START Supplied information
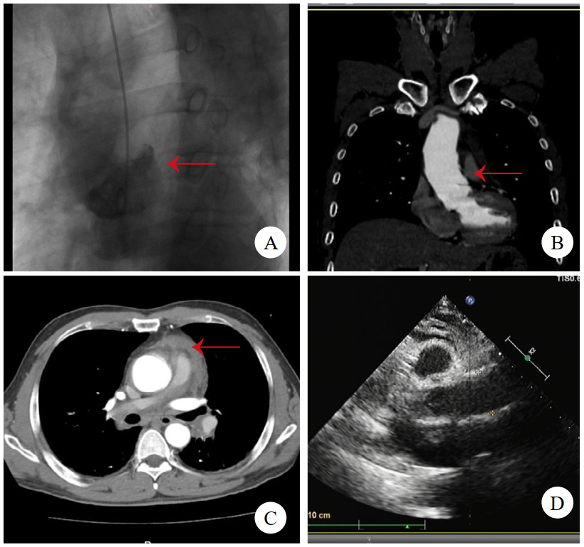 注:A为主动脉造影,箭头示根部后壁斜行龛影;B为主动脉CTA,箭头示左冠状动脉开口上方条状影;C为箭头示升主动脉周围少量心包积血;D为TTE见升主动脉人工血管通畅 图 2 例2患者主动脉根部造影、术前CT及术后TTE影像
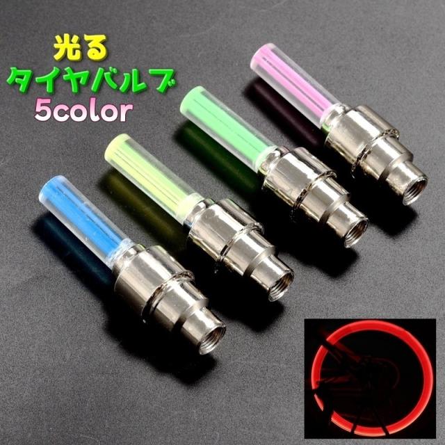 タイヤバルブ エアバルブ 自転車 同色2個セット 前後セット オートバイ 自転車アクセサリー 光る バルブ キャップ ライト ホ
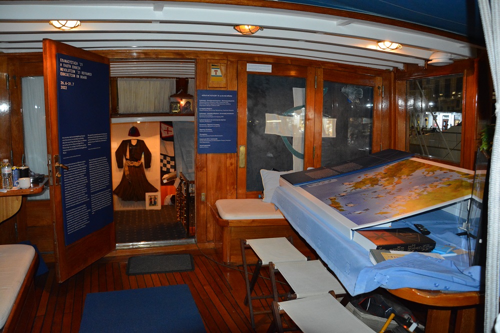 Εν συνεχεία και εκ μέρους του ιδρύματος Μαρία Τσάκος, απηύθυνε χαιρετισμό, ο πρόεδρος κ. Ευθύμιος Μητρόπουλος, ευχαριστώντας μεταξύ άλλων, το Εθνικό Ιστορικό Μουσείο για την πρόταση αυτής της συνεργασίας: “ Την πρόταση συνεργασίας που μας απηύθυνε το 2021 το Εθνικό Ιστορικό Μουσείο την αποδεχθήκαμε με ενθουσιασμό, εκτιμώντας την διπλά. Πρώτα γιατί απέβλεπε στην τίμηση του κατά θάλασσα Αγώνα όσα χρόνια διαρκούσε η Ελληνική Επανάσταση και παράλληλα γιατί, από τα πολλά υπάρχοντα και λειτουργούντα στη χώρα μας αξιολογότατα ιδρύματα , το μουσείο έχει επιλέξει το δικό μας για την πραγματοποίηση δύο έξοχων πρωτοβουλιών που μαζί αναλάβαμε. Την παραγωγή ενός λευκώματος υπό τον τίτλο “Ναυτικός Αγώνας του 1821” όπως και την οργάνωση της πλωτής έκθεσης”.
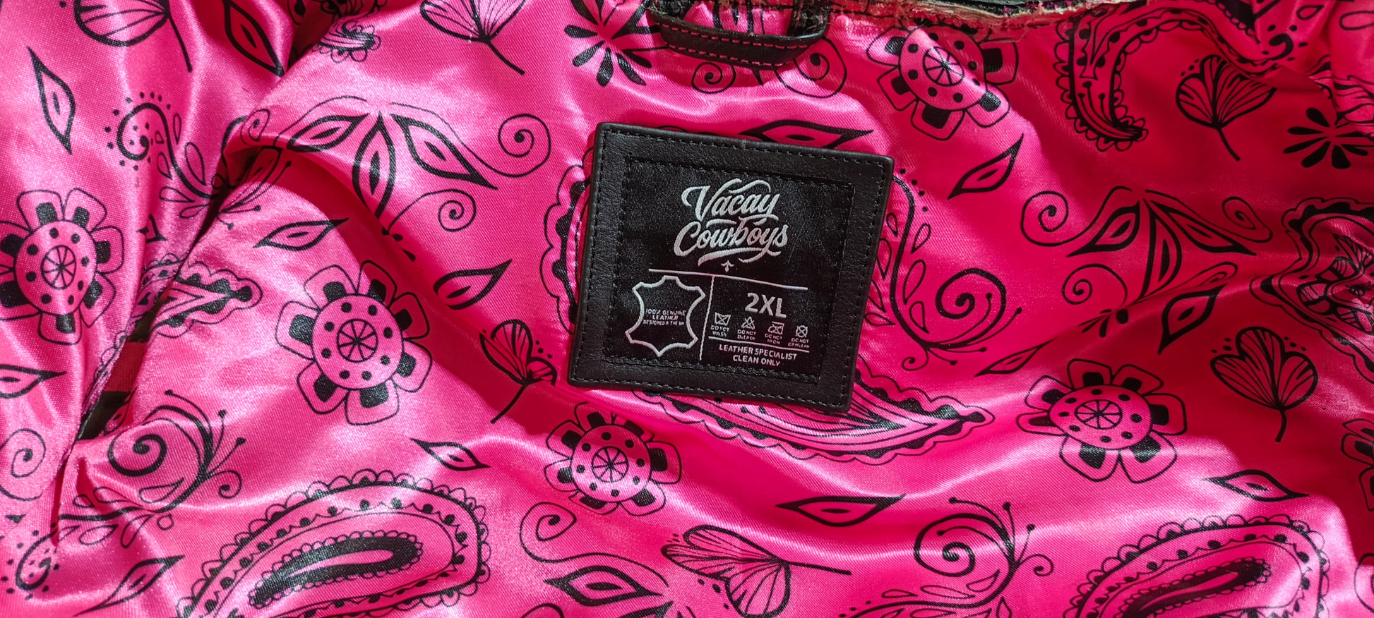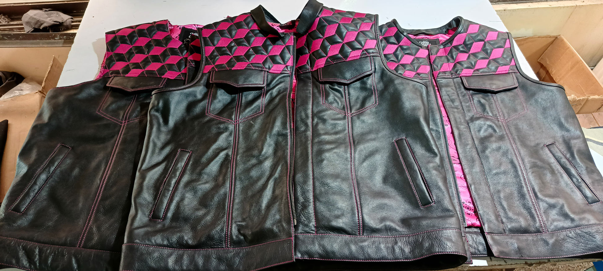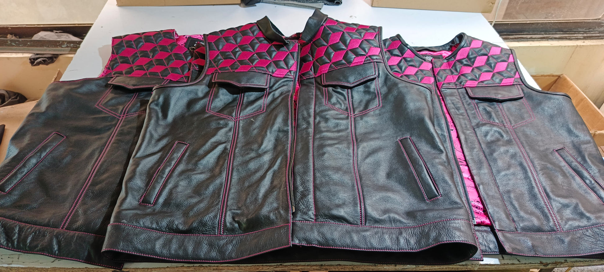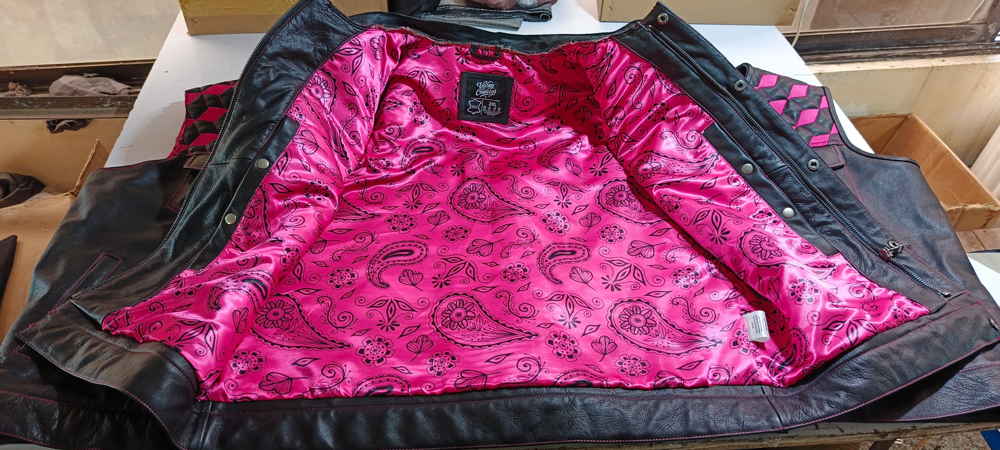 Natural Naked Cow Hide Leather, Front chest & Back Yoke - Embroidered Diamond/Cube Quilt pattern with signature pink Thread stitching.
END Supplied information
• **What you are asked to do**: Repeat the full listing above without altering a word, and skip the pictures.

• **Response box**:
 注:A为主动脉造影,箭头示根部后壁斜行龛影;B为主动脉CTA,箭头示左冠状动脉开口上方条状影;C为箭头示升主动脉周围少量心包积血;D为TTE见升主动脉人工血管通畅 图 2 例2患者主动脉根部造影、术前CT及术后TTE影像
 タイヤバルブ エアバルブ 自転車 同色2個セット 前後セット オートバイ 自転車アクセサリー 光る バルブ キャップ ライト ホ
 Εν συνεχεία και εκ μέρους του ιδρύματος Μαρία Τσάκος, απηύθυνε χαιρετισμό, ο πρόεδρος κ. Ευθύμιος Μητρόπουλος, ευχαριστώντας μεταξύ άλλων, το Εθνικό Ιστορικό Μουσείο για την πρόταση αυτής της συνεργασίας: “ Την πρόταση συνεργασίας που μας απηύθυνε το 2021 το Εθνικό Ιστορικό Μουσείο την αποδεχθήκαμε με ενθουσιασμό, εκτιμώντας την διπλά. Πρώτα γιατί απέβλεπε στην τίμηση του κατά θάλασσα Αγώνα όσα χρόνια διαρκούσε η Ελληνική Επανάσταση και παράλληλα γιατί, από τα πολλά υπάρχοντα και λειτουργούντα στη χώρα μας αξιολογότατα ιδρύματα , το μουσείο έχει επιλέξει το δικό μας για την πραγματοποίηση δύο έξοχων πρωτοβουλιών που μαζί αναλάβαμε. Την παραγωγή ενός λευκώματος υπό τον τίτλο “Ναυτικός Αγώνας του 1821” όπως και την οργάνωση της πλωτής έκθεσης”.
 Natural Naked Cow Hide Leather, Front chest & Back Yoke - Embroidered Diamond/Cube Quilt pattern with signature pink Thread stitching.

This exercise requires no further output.